Cation-exchanged conductive Mn2DSBDC metal–organic frameworks: Synthesis, structure, and THz conductivity

Abstract

Conductive metal–organic frameworks (MOFs) are an emerging class of materials that rely upon crystallographically-defined charge-transport pathways that can be synthetically designed. Such conductive MOFs, including Mn-based MOFs, have not yet found applications in electrocatalysis at least partly due to restrictions in their tunability, as compositional or structural changes may interrupt the purposefully-designed charge-transport pathways.
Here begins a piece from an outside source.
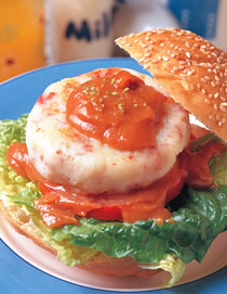5.将汉堡饱烤上色,对切成两半,涂上奶油后,依序舖上美生菜、番茄片及作法4的马铃薯饼,淋上田乐味噌酱,洒上少许的柠檬皮屑,再盖上另一半的汉堡饱即可。

In this work, we provide an original strategy to exchange a portion of the Mn2+ cations in the conductive MOF Mn2DSBDC (where DSBDC = 2,5-dimercaptoterephthalate) for either Ni2+, Cu2+, or Co2+. The bulk and local structures were characterized using powder X-ray diffraction and element-specific X-ray absorption spectroscopy, respectively, to understand the structural effects of cation exchange, supporting that cation exchange does not alter the overall structure of the MOF. Importantly, using time-domain THz spectroscopy, it was discovered that the cation exchange does not alter the conductivity of the MOF. This finding opens the door to functionalization and tunability with respect to the cation composition in Mn2DSBDC, strongly suggesting applications in electrocatalysis.